Laporan Wartawan Tribun Jateng Khoirul Muzakki
TRIBUNNEWS.COM, BANJARNEGARA - Melintasi jalan provinsi di ruas Dusun Jemblung, Sampang Karangkobar tak ayal membuat bulu kuduk merinding
Sebuah bukit hijau terlihat gundul sebagian karena materialnya runtuh di masa silam.
Pemandangan itu selalu membawa ingatan pada salah satu tragedi terbesar dalam sejarah masyarakat Banjarnegara.
Jumat menjelang magrib, tanggal 12 bulan ke 12 tahun 2014 lalu, bukit Telagalele runtuh dan mengubur sebuah dusun di bawahnya, Dusun Jemblung Desa Sampang Karangkobar.
Seratusan warga tewas tertimbun atau hilang karena musibah yang tak pernah terduga itu.
Empat tahun berlalu, warga yang selamat dari bencana itu kini telah pindah tinggal ke desa lain untuk memulai hidup baru.
Baca: Tiga Lumbung Logistik Partai Gerindra Untuk Usung Prabowo Dalam Pilpres 2019
Tetapi jejak mengerikan bencana itu masih kentara hingga sekarang.
Dusun yang dulu dipenuhi rumah-rumah penduduk kini berubah jadi kebun belantara.
Lereng yang dulu datar untuk pemukiman kini jadi bergunduk-gunduk karena tertimbun material longsor.
Dengan kondisi topografi yang berubah, warga tak lagi bisa mengenali batas tanah milik mereka.
"Warga yang selamat sudah pindah ke hunian tetap.
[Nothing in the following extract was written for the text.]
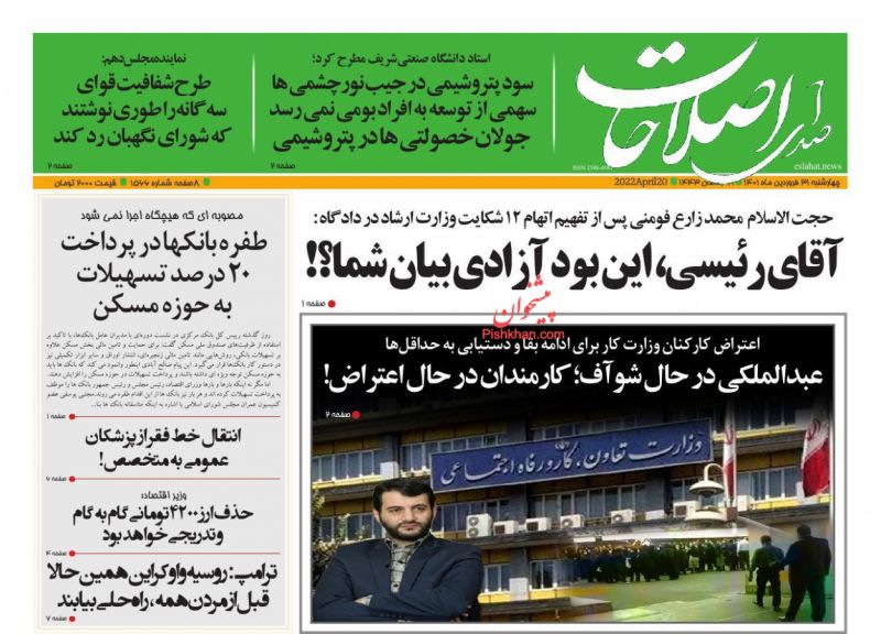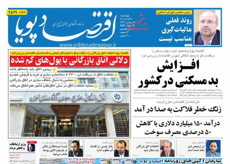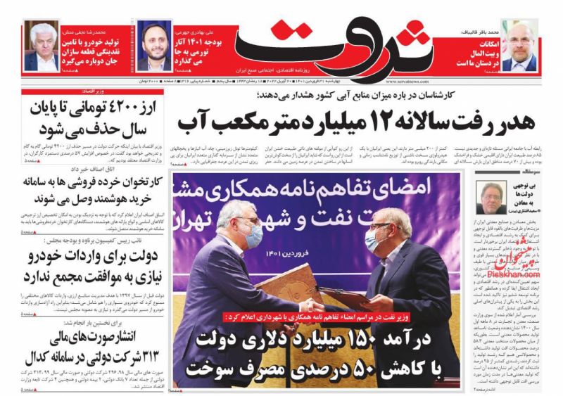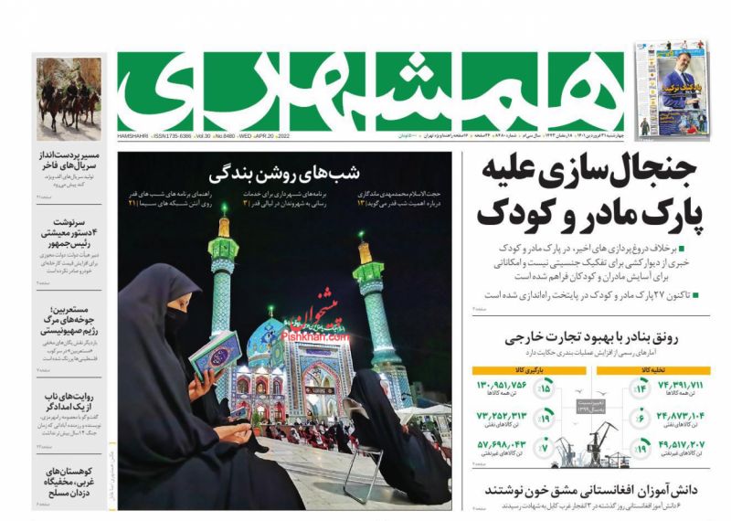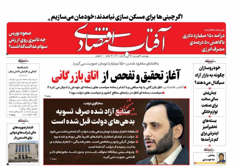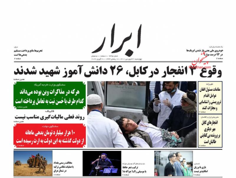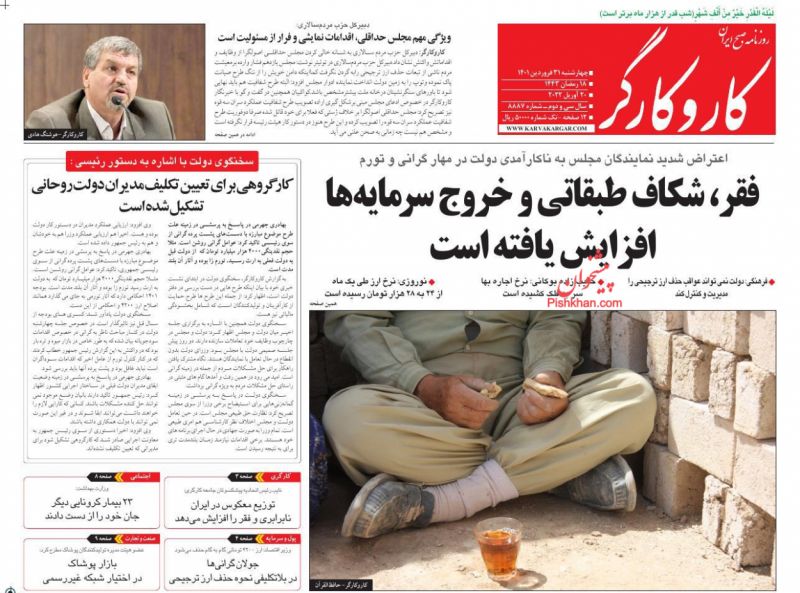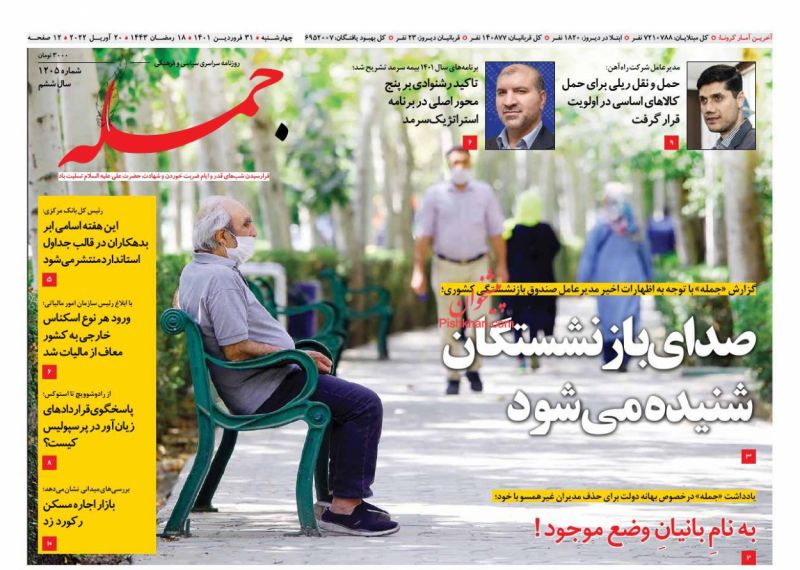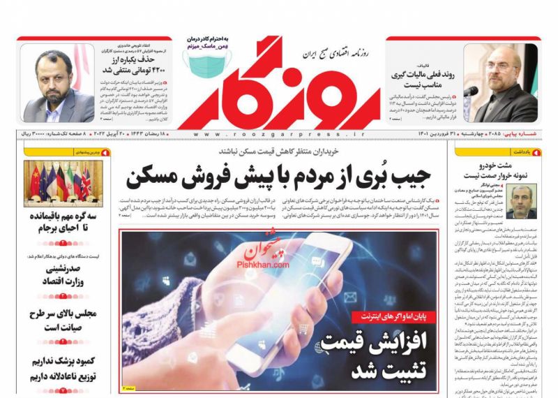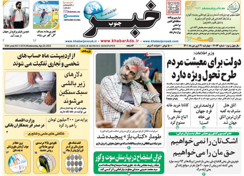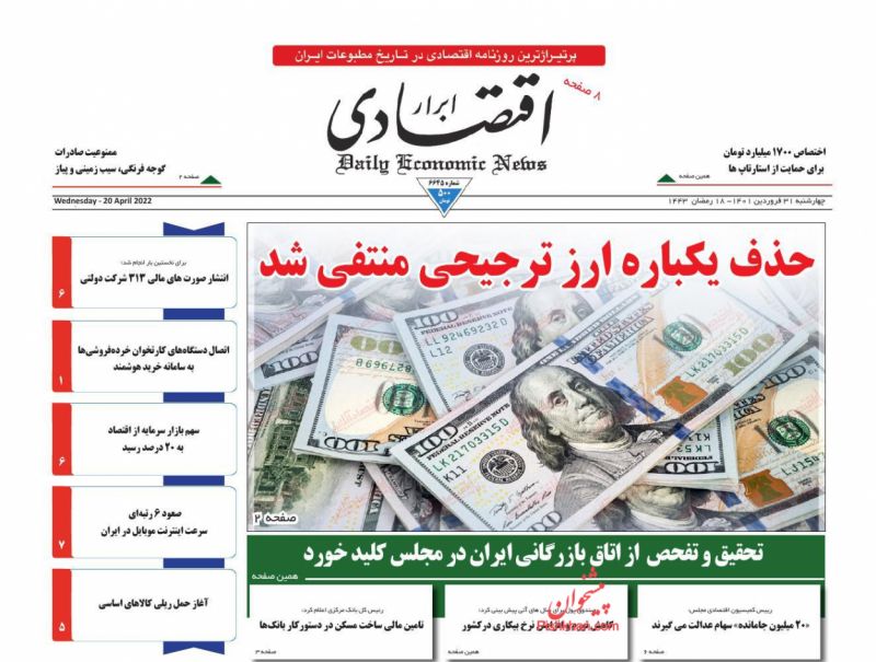 صفحه اول روزنامههای چهارشنبه ۳۱ فروردین ۱۴۰۱

Tanah milik mereka yang sudah tertimbun longsor sudah tidak dikenali,"kata Irma, warga Desa Sampang Kecamatan Karangkobar
Memanfaatkan kembali tanah bekas bencana untuk pemukiman tak mungkin dilakukan.
Setiap jengkal tanah adalah alarm kenangan yang hanya akan mengulang kesedihan.
Di dalam tanah itu, barang kali masih ada jasad keluarga yang belum sempat ditemukan. Juga harta benda yang sudah tak diharapkan pulang. Material tanah itu juga mungkin, telah bercampur darah dan air mata.